The insertion of the multi-plate clutch in the gearbox circuit according to the invention is not limited to the arrangement described. It can also be inserted into the gearbox of drilling machines that already contain a multi-plate clutch. A known arrangement of this type is described in patent 938 603 , in which a multi-disc clutch is inserted between the two spur gears seated on the drilling shaft.

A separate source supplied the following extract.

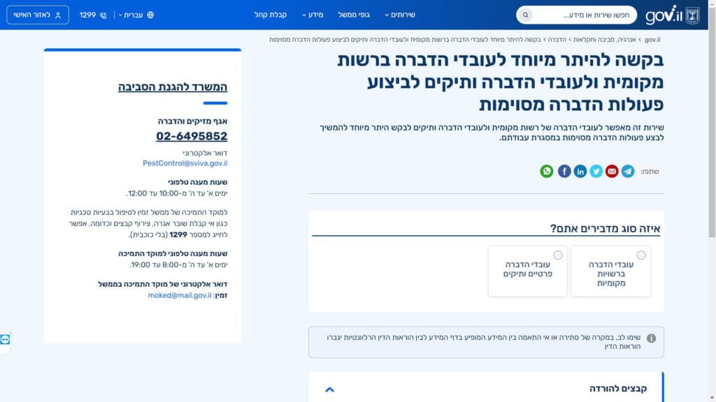 צילום מסך טופס בקשה להיתר מיוחד לעובדי הדברה ברשות מקומית ולעובדי הדברה טופס מקוון

In this case, the drill combines the advantages that result from the use of the two Lame couplings.

Claims (3)

PATENT CLAIMS: 1. Rock and other rotary drilling machine with a drilling shaft that cannot be displaced in relation to a drive head and a parallel drive spindle that determines the feed and is supported on the rock to be drilled, with the drilling shaft stopped when the drive head rotates backwards and the drill shaft rotates to the left when the return is obstructed or blocked through interengaging and partly arranged via spindle nuts on the drilling shaft and drive spindle, thereby marked. shows that between a spur gear (23) which is longitudinally displaceable on the drive spindle (14) and which engages with a spur gear (24) of the bar shaft, and a spur gear (21) which is longitudinally displaceable on the drive spindle (14) and which is connected to a a spur gear (22) on the drilling shaft (12) which is also in engagement via a spindle nut (25), a multi-plate clutch which can be disengaged by spring force is inserted. 2. Rock drilling machine according to spoke 1, characterized in that a preloading spring, in particular a plate spring (41), is arranged between the multi-plate clutch halves. 3. Rock drilling machine according to claim 1, characterized in that the preload spring is arranged on the gear housing (18) such that its preload can be transmitted to the multi-disc clutch by a fork pin constantly engaging in an annular groove of the multi-disc clutch. Considered publications: German Patent Specifications No. 938 6033 903 803.